SOURCE MATERIAL ->
* * *

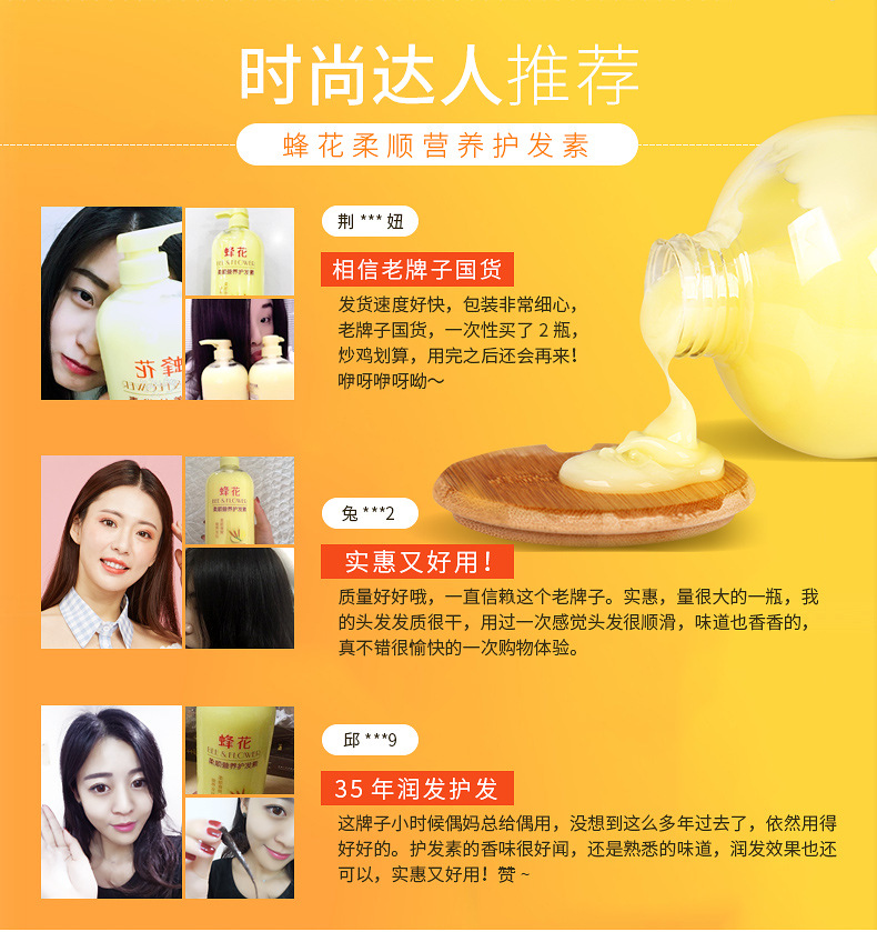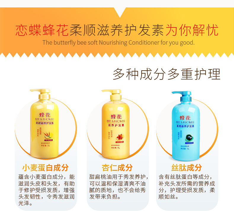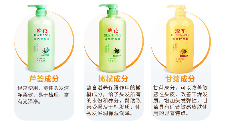「七款可选!1000ml大瓶装」蜂花护发素1L装 柔顺营养润发乳修复毛躁干枯保湿 洗发护发
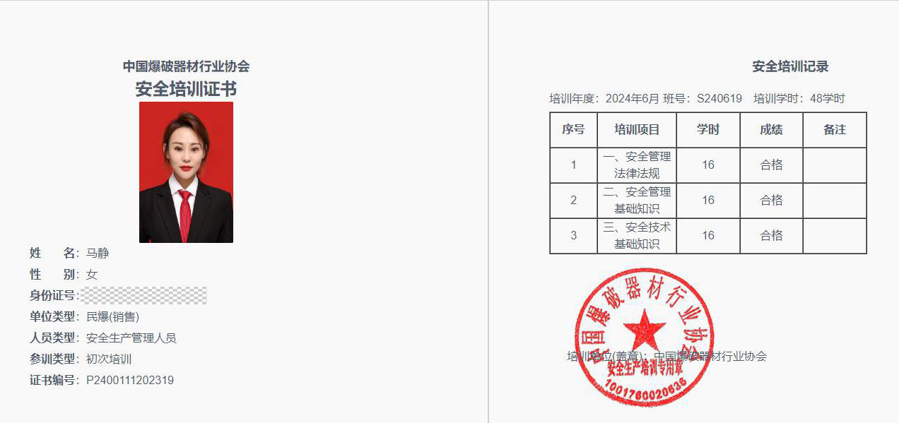 香港a片 关于聂雅捷等同志民爆行业安全生产知识和管理能力考核合格的通知
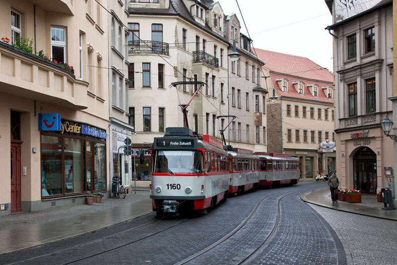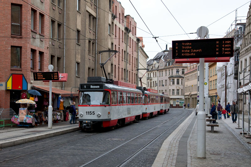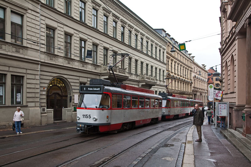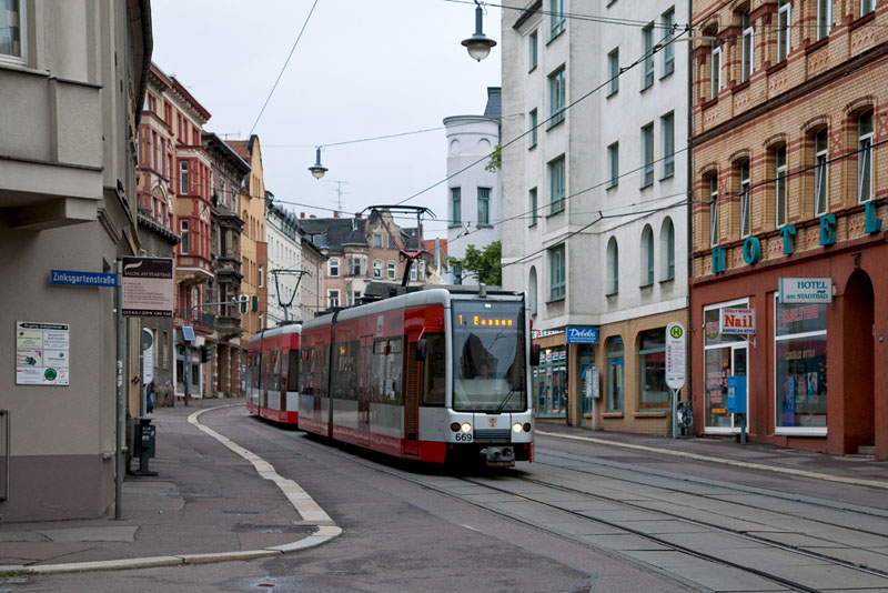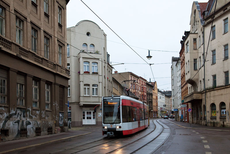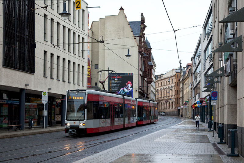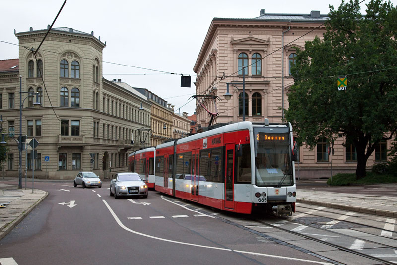 | Die Linie 1 nach Beesen mit dem führenden Triebwagen 672. Halle (Saale) | Große Steinstraße, 3. Juli 2011 |

* * *

Write out the data above in full and exactly, but not the pictures.

「七款可选!1000ml大瓶装」蜂花护发素1L装 柔顺营养润发乳修复毛躁干枯保湿 洗发护发
 香港a片 关于聂雅捷等同志民爆行业安全生产知识和管理能力考核合格的通知
 | Die Linie 1 nach Beesen mit dem führenden Triebwagen 672. Halle (Saale) | Große Steinstraße, 3. Juli 2011 |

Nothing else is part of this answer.